**Problem**
Beginning with the line that holds "Slika 17. Močenje kartona u vodi", write out each line exactly as it stands until the end of the data, and include no pictures.
+ + + + +
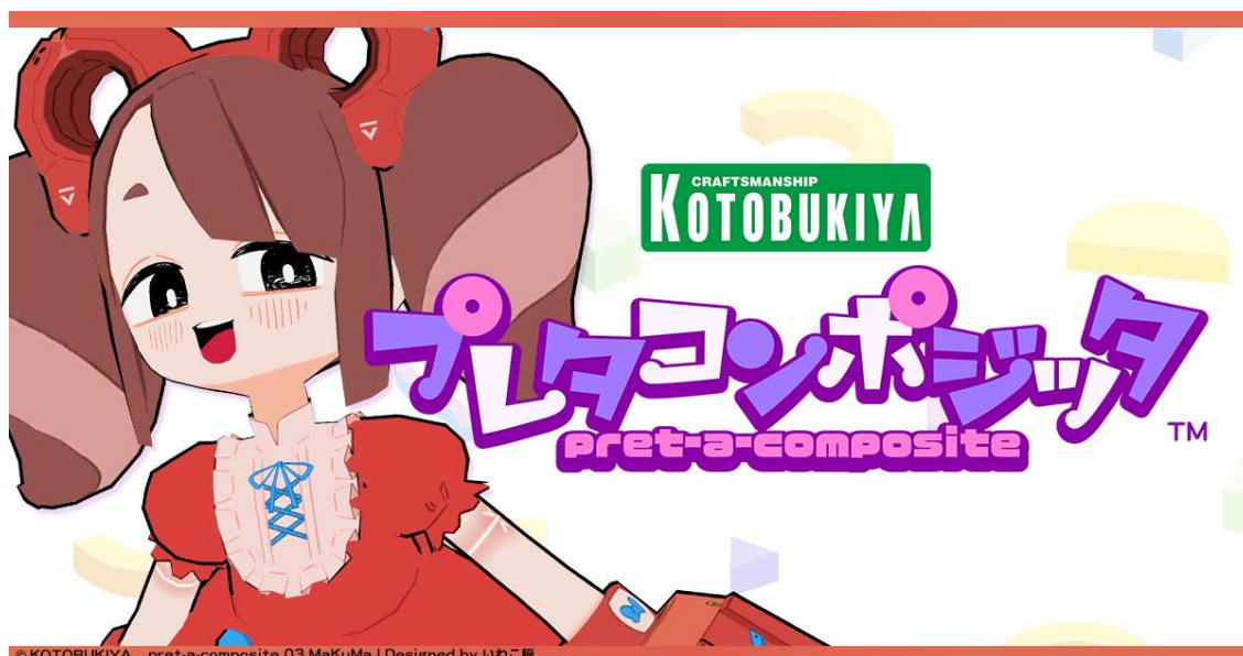
プレタコンポジッタ 03 マクマ

この度、株式会社壽屋（本社：東京都立川市／代表取締役社長：清水一行）はオリジナル 3D モデルブランド「プレタコンポジッタ」シリーズ第3弾、MaKuMaを2023年3月23日（木）に発売いたします。
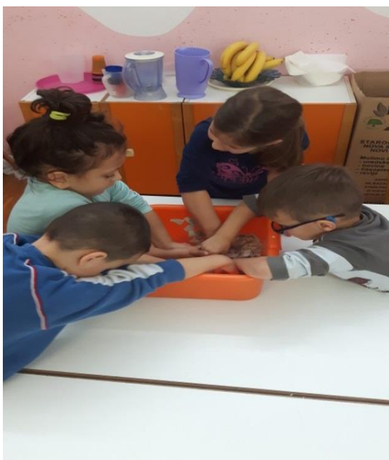
Slika 17. Močenje kartona u vodi
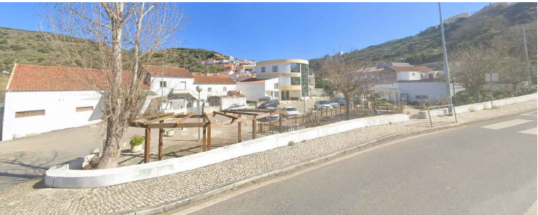
Área de Intervenção (AI) 21 - Largo da Sociedade - Carvalhal
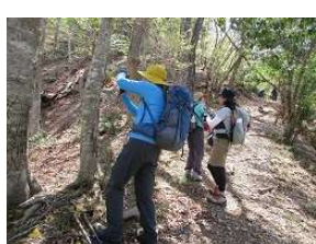
お写真を撮ったり、トレッキング日和を満喫
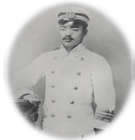
検疫医官補時代の野口英世
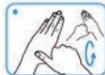
7. Esfregue os dedos polegares.
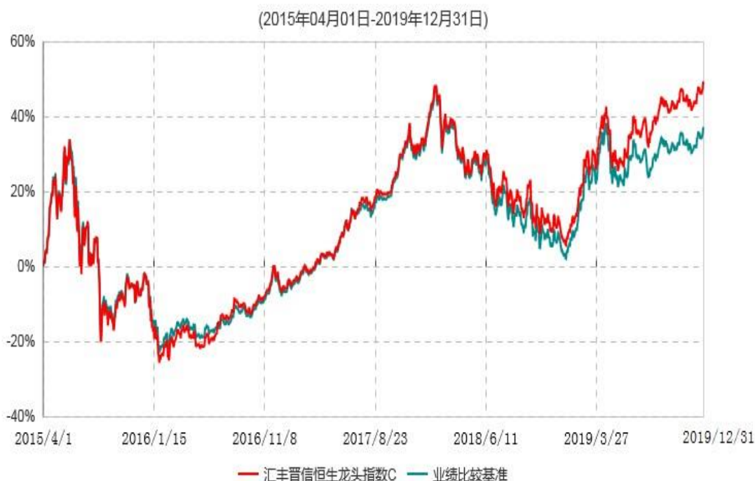
汇丰晋信恒生龙头指数C累计净值增长率与业绩比较基准收益率历史走势对比图
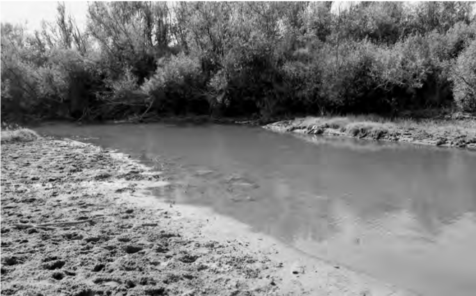
Воды здесь по колено, кажется, негде утонуть...
+ + + + +
**Solution**
Slika 17. Močenje kartona u vodi
Área de Intervenção (AI) 21 - Largo da Sociedade - Carvalhal
お写真を撮ったり、トレッキング日和を満喫
検疫医官補時代の野口英世
7. Esfregue os dedos polegares.
汇丰晋信恒生龙头指数C累计净值增长率与业绩比较基准收益率历史走势对比图
Воды здесь по колено, кажется, негде утонуть...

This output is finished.